Tuttavia, il percorso della ricerca sugli organismi geneticamente modificati non fu liscio e piano. Per una qualche misteriosa ragione, il pubblico che tutto beve e digerisce, cominciava a dare segni di disagio, specie fra gli ecologisti e i cattolici. C’erano di mezzo evidenti implicazioni etiche riguardanti la supremazia dell’uomo, mica altro! Guai a toccare il coronamento della creazione divina! E fu così che se si sviluppò un acceso dibattito negli ambienti dei Verdi, si ebbero anche le prime azioni dirette da parte degli agricoltori. Alcuni studiosi si dichiararono decisamente contro. Oltre a Jeremy Rifkin [2], che si schierò sulla linea della moratoria, anche Arnaud Apoteker, nel suo “L’invasione del pesce-fragola” [3], edito nel 2000 da Editori Riuniti, a pagina 36, scrive per esempio: “Quanti geni umani dovranno essere inseriti prima che il maiale, o qualsiasi altro animale, sia da ritenersi umanizzato e il suo consumo debba essere considerato cannibalismo?”.
Forse, avendo perso il contatto con la realtà e sempre alla ricerca di una giustificazione che possa piacere all’opinione pubblica, alcuni ricercatori avevano annunciato che i maiali transgenici potevano essere usati come deposito vivente di organi da trapiantare negli esseri umani. Al che, di fronte a tale annuncio, alcuni avevano reagito con la solita comoda scusa: “Tanto sono solo animali”, ma altri, dotati evidentemente di maggiore immaginazione, si erano posti la domanda se per caso gli scienziati si sarebbero fermati ai maiali o se avessero provato a fare la stessa cosa con le scimmie. E magari anche con gli esseri umani. V’immaginate un umano di serie B, una specie di Golem scimmiesco predestinato a fornire organi per i trapianti? Il Papa cosa ne pensa? E’ chiaro che la cosa puzza di zolfo, non lo sentite? L’uomo che, come al solito, si mette al posto di Dio. Che blasfemia!

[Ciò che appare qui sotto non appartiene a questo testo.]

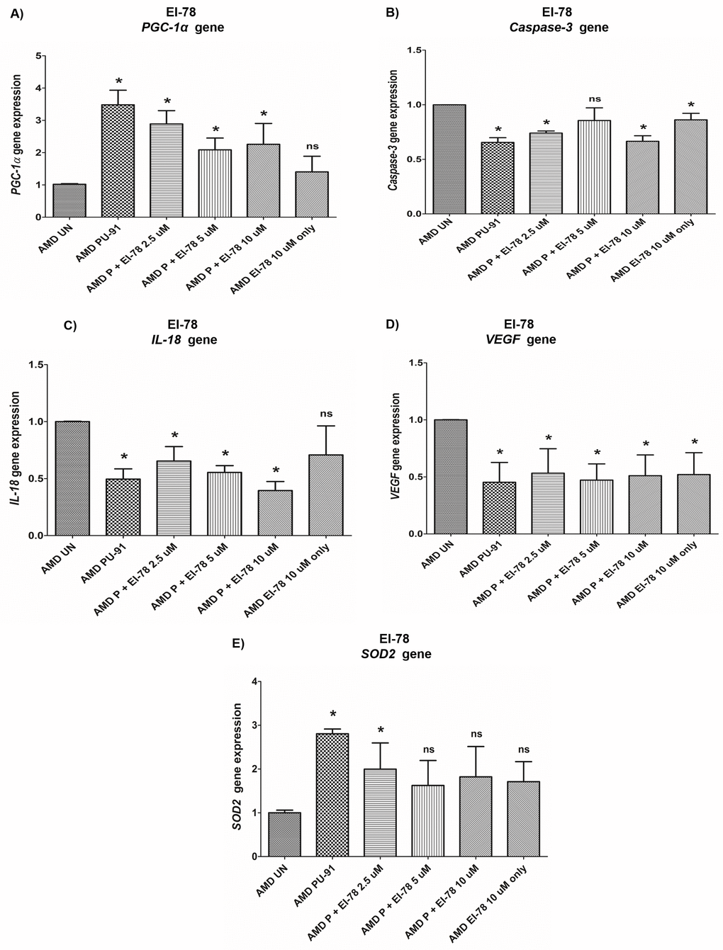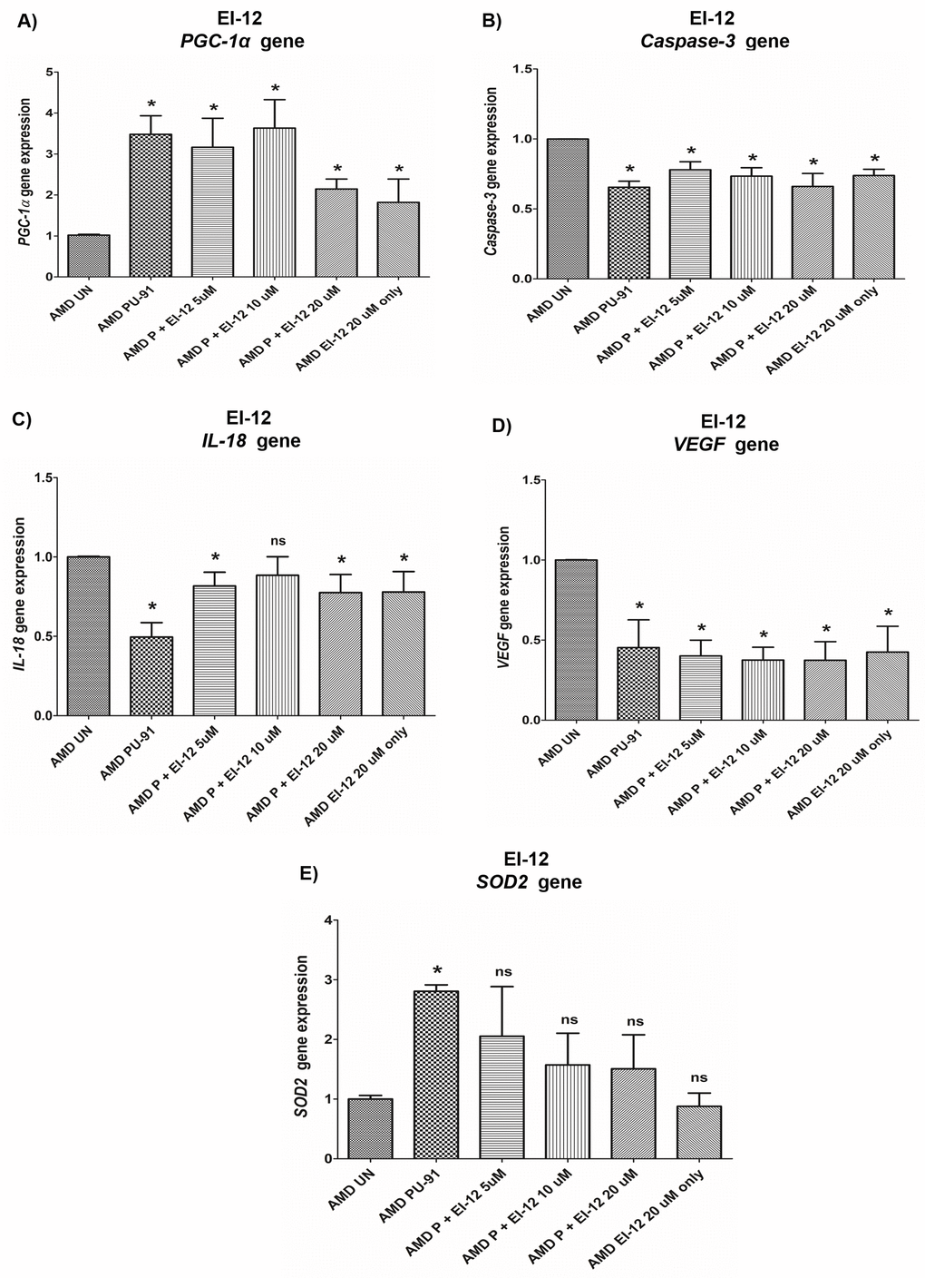 We extended the observations of PU-91 with esterase inhibitors EI-12 and EI-78, on gene expression changes. Treatment with PU-91 + EI-12/ EI-78 at different concentrations i.e., EI-12: 5 μΜ, 10 μΜ, and 20 μΜ; EI-78: 2.5 μΜ, 5 μΜ, and 10 μΜ altered the expression of PGC-1α, Caspase-3, IL-18, VEGF, SOD2 genes in AMD RPE cybrid cells (n=3) at the 72 h time point.

Così, mentre l’otto gennaio del 1998 centocinquanta contadini entravano senza autorizzazione in un magazzino della società svizzera Novartis, nel sud della Francia, e mescolavano mais normale a mais OGM, innaffiando il tutto, così da rendere quello transgenico indistinguibile e inutilizzabile, nessun ecologista o animalista, a parte il sottoscritto, è mai entrato nei laboratori dove si facevano esperimenti sulle cavie. E questo perché del cibo e di come viene prodotto interessa a tutti, ma del destino delle cavie che - non dimentichiamolo – sono solo animali, non interessa a nessuno.
O forse solo a pochi. Troppo pochi per raggiungere la massa critica. Meta ambita ma ostacolata da una massa di critici per partito preso, d’ignoranza abissale e di mancanza di compassione altrettanto profonda. Critici che non mancano nemmeno sui siti di controinformazione, anzi, che su di essi vi si precipitano come mosche transgeniche sul miele manipolato. Critici che sono i migliori alleati – truppe appiedate, fanteria d’assalto – dei criminali in camice bianco all’opera nei laboratori. Che possono lavorare indisturbati per il bene dell’umanità. E per l’estinzione della specie umana.